Wednesday 28 January 2015

And now for something completely different

I'm scared, because my next objective is to use all the sequences I have collected so far from all three genes to make a proper tree, with a root and molecular clock. This is quite exciting, because although I have been playing around making little trees, I haven't yet done it properly. But it's also scary because what if nothing makes sense? What if the program I am using (BEAST (Bayesian Evolutionary Analysis by Sampling Trees), specifically *BEAST) doesn't work on my data? I have had that problem with countless programs and data before: it works beautifully on the example data, but not on my data. A crushing disappointment similar to when you test-drive a car and it runs beautifully, but then when you take it home it blows a head gasket. There are always solutions, but they take many long and tedious hours of removing extra spaces, inserting brackets and dots, and trying capital letters instead of lower-case letters to see if any of those work.

For the last few days I have been swept up in the completely random and unpredictable science of ecology. In particular, we (myself and my field technician) have been sampling Cantuaria habitat to see if soil moisture, soil grain size, and a bunch of other factors affect the range and positioning of populations. We've also been trying to gauge the size and range of the populations using adaptive cluster sampling (ACS), which is one of the most tedious ecological sampling techniques out there, but it's also pretty good. Basically, you decide on an area large enough to contain a few burrows (I chose a 2m X 2m square). You start off in an area with burrows, mark that there are burrows and the number of them (and other stuff you're interested in), and then move onto another area the same size but to the right of the square you've just covered and repeat the process. Then you do the same to the left of the first square, and above it and below it. If, on any of these surrounding squares, you find a burrow, you then have to sample squares above, below, and beside that square. So you can find that on two sides of one square there are no burrows, and get your hopes up and think you can now go home after friggin hours of measuring out squares and looking for burrows, but then you look in the third square and there's one burrow there so you have to look in another three bloody squares. It's a good way of finding the edges of a population, but it's also a good way of making yourself wish the populations were a little bit smaller.
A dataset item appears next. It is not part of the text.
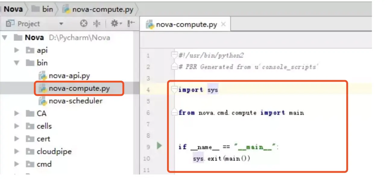 比如,我这边的项目,在服务器上是以一个服务运行的。而我们都知道服务的入口是Service文件。 cat /usr/lib/systemd/system/openstack-nova-compute.service
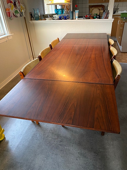 Spisebord og stole i palisander

Also, the day that we put out some data loggers to collect temperature and humidity data about the habitat, some cattle got into the reserve and trampled everything and destroyed burrows and pulled out probes that we'd put into burrows to see if the temperature and humidity differed in burrows as opposed to in the surrounding soil. Yet another reason that cattle should not be in NZ.

Anyway, I'd better get on and begin the process of trying to begin the process of hopefully maybe beginning to make a tree. I'll let you know how it goes.